The 75Se selenoprotein profiles of heart supernatant (Figure 5) are also very similar for all four selenocompounds. At 1 and 3 h, the 65 kDa species contained more 75Se than in GPX1 subunits for selenite, GSSeSG, and SeMet. This labeling diminished somewhat by 24 h when GPX1 subunit gained prominence, but both species retained 75Se labeling at 72 h.
The 75Se profiles of testes supernatant show a different story (Figure 6). Early on, the 65 kDa species were labeled at 3 h, but by 24 h the 17 kDa GPX4 is equally 75Se-labeled from selenite, GSSeSG, SeMet, and SeBetaine. The GPX4 was the dominate 75Se-labeled selenoprotein at 72 h.

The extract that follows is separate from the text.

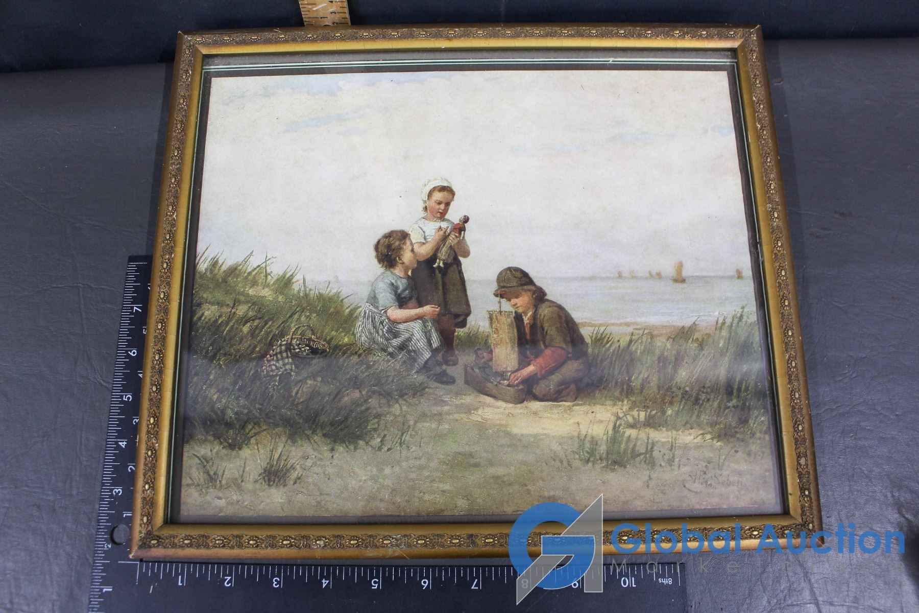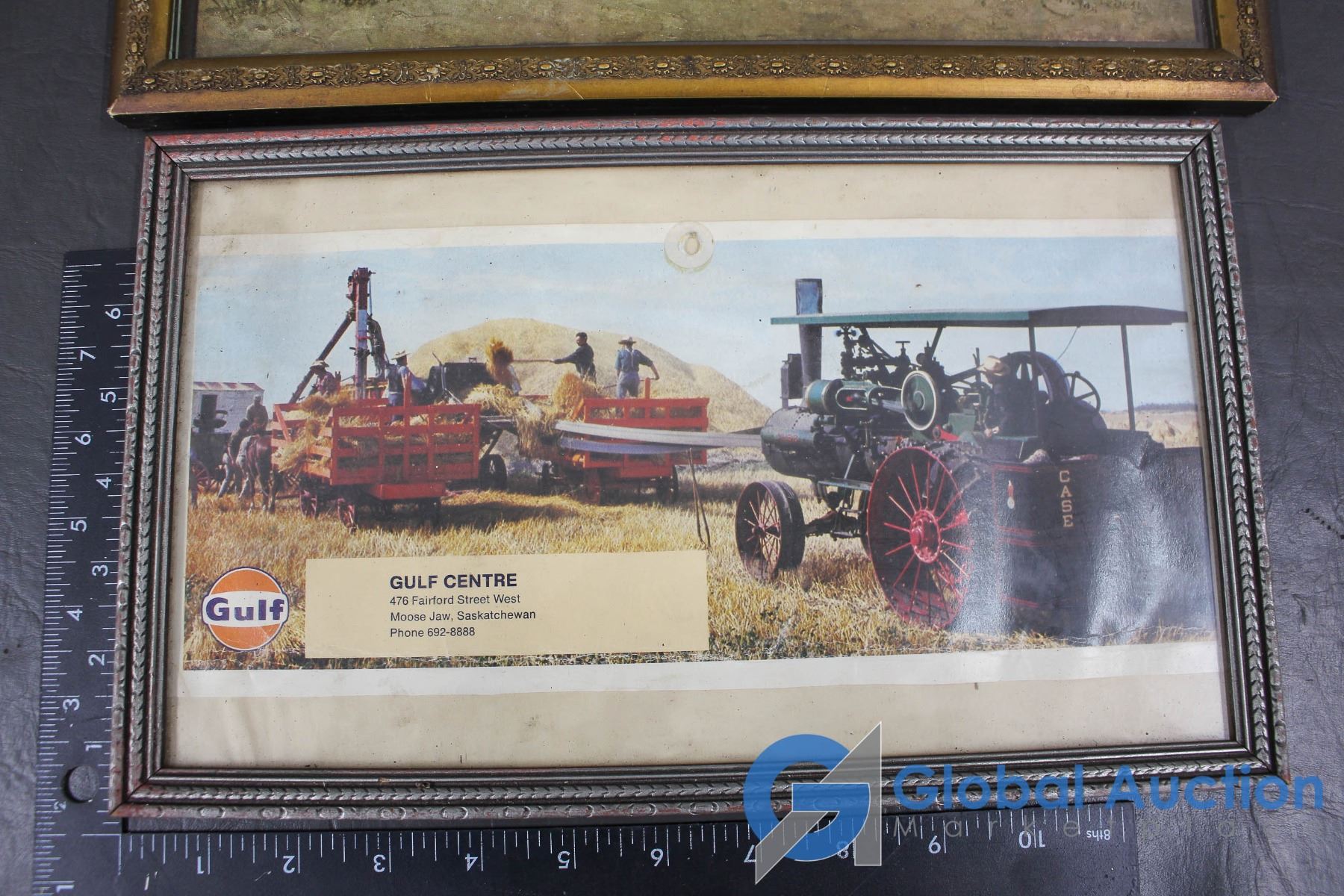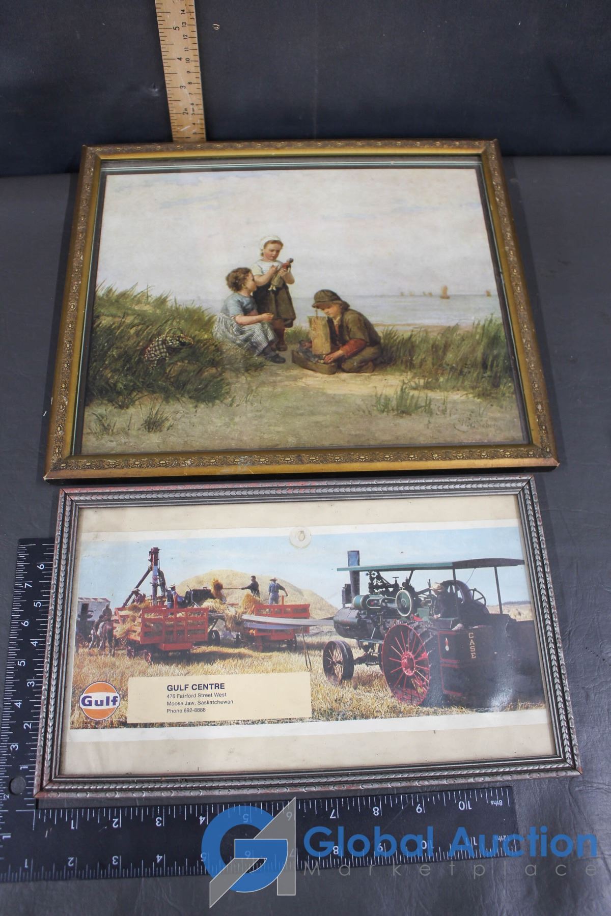 Vintage Framed Beach Photograph & Framed Gulf Agriculture Print

Effect of Se Status on 75Se-Selenoprotein Labeling
The same-sized 50 μCi tracer dose of 75Se was injected at various times into rats fed Se-deficient (0 μg Se/g diet), Se-adequate (0.2 μg Se/g diet), and high Se (2 μg Se/g diet) to study the impact of Se status on flux of 75Se into liver selenoproteins (Figures 7A–C). In Se-deficient liver, there was little effect of time after dosing on incorporation into selenoproteins, in contrast to what was observed in Se-adequate rats (Figure 4). Furthermore, in Se-deficient rats, the amount of 75Se labeling of GPX1 was the same as the labeling of TXNRD at all times (Figure 7A), whereas 75Se labeling of GPX1 increased dramatically in Se-adequate liver from 1 to 3 to 24 h after dosing (Figure 7B). In high-Se rat liver, there was little incorporation of 75Se into the 65 kDa species; 75Se incorporation into GPX1 was considerably less as compared to Se-adequate liver, with the more modest incorporation doubling from 3 to 24 h, and doubling again from 24 to 72 h. The pattern of 75Se incorporation from [75Se] selenate (Figures 7D–F) was virtually the same as that observed with [75Se]selenite, showing that both selenocompounds are metabolized in intact rats at similar rates into the precursor used for Se incorporation into selenoproteins.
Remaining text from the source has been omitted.